13
Софья была уже дома, она встретила мать с папиросой в зубах,
суетливая, возбужденная.
Укладывая раненого на диван, она ловко развязывала его
голову и распоряжалась, щуря глаза от дыма папиросы.
— Иван Данилович, привезли! Вы устали, Ниловна?
Напугались, да? Ну, отдыхайте. Николай, Ниловне рюмку портвейна!
Ошеломленная пережитым, тяжело дыша и ощущая в груди
болезненное покалывание, мать бормотала:
— Вы обо мне не беспокойтесь…
И всем существом своим трепетно просила внимания к себе,
успокаивающей ласки.
Из соседней комнаты вышли Николай, с перевязанной рукой, и
доктор Иван Данилович, весь растрепанный, ощетинившийся, как еж. Он быстро
подошел к Ивану, наклонился над ним, говоря:
— Воды, больше воды, чистых полотняных тряпок, ваты!

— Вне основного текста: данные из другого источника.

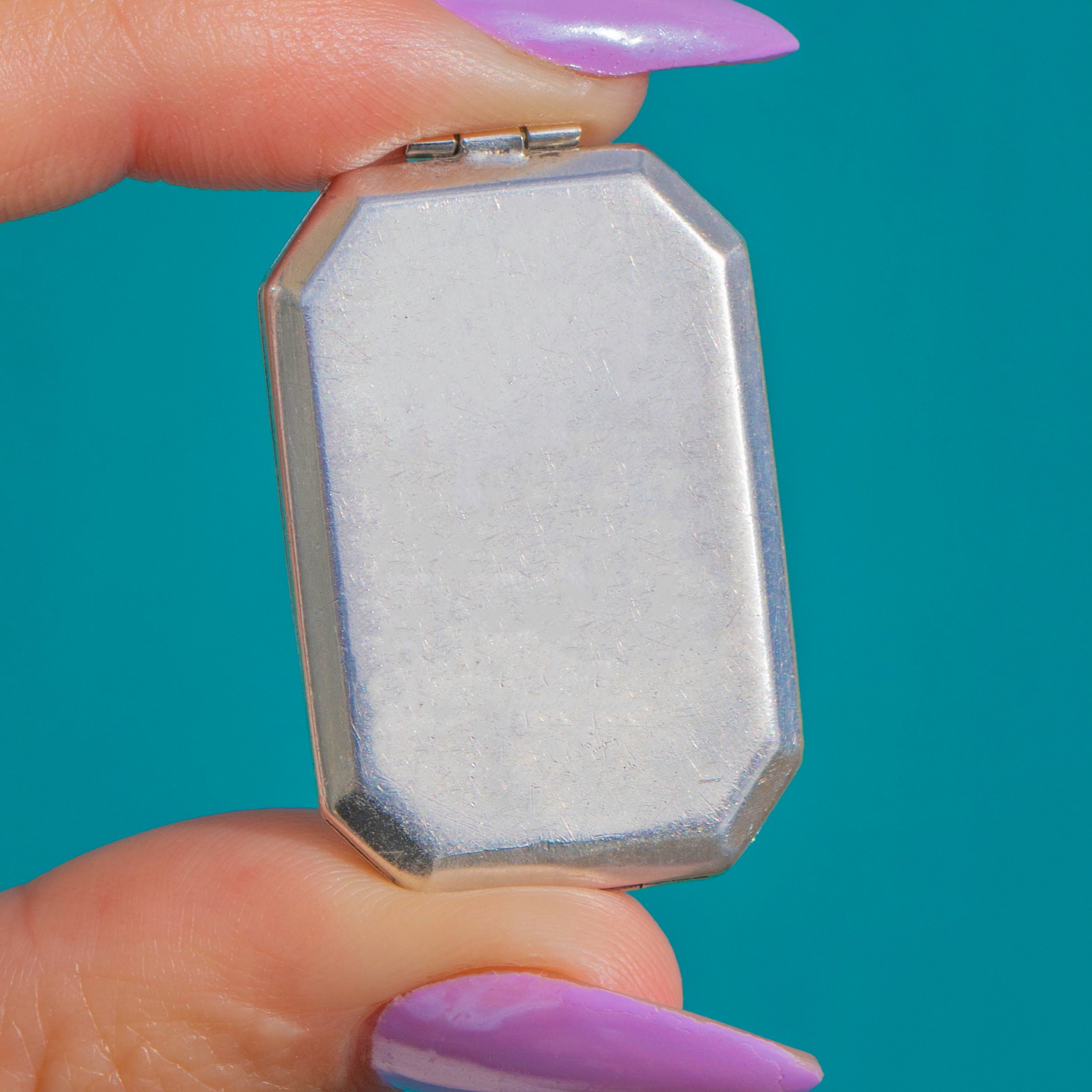 EXCELLENT: Enamel is bright and glossy with a tiny area of light abrasion near the top of the panel visible on close inspection. Silver shows only light surface scratches with a gentle, even patina; the hinge is secure and the locket closes well.

Мать двинулась в кухню, но Николай взял ее под руку левой рукой и ласково
сказал, уводя ее в столовую:
— Это не вам говорят, а Софье. Наволновались вы, милый
человек, да?
Мать встретила его пристальный, участливый взгляд и с
рыданием, которого не могла удержать, воскликнула:
— Что это было, голубчик вы мой! Рубили, людей рубили!
— Я видел! — подавая ей вино и кивнув головой,
сказал Николай. — Погорячились немного обе стороны. Но вы не беспокойтесь
— они били плашмя, и серьезно ранен, кажется, только один. Его ударили на моих
глазах, я его и вытащил из свалки…
Лицо Николая и голос, тепло и свет в комнате успокаивали
Власову. Благодарно взглянув на него, она спросила:
— Вас тоже ударили?
— Это я сам, кажется, неосторожно задел рукой за что-то
и сорвал кожу. Пейте чай, — холодно, а вы одеты легко…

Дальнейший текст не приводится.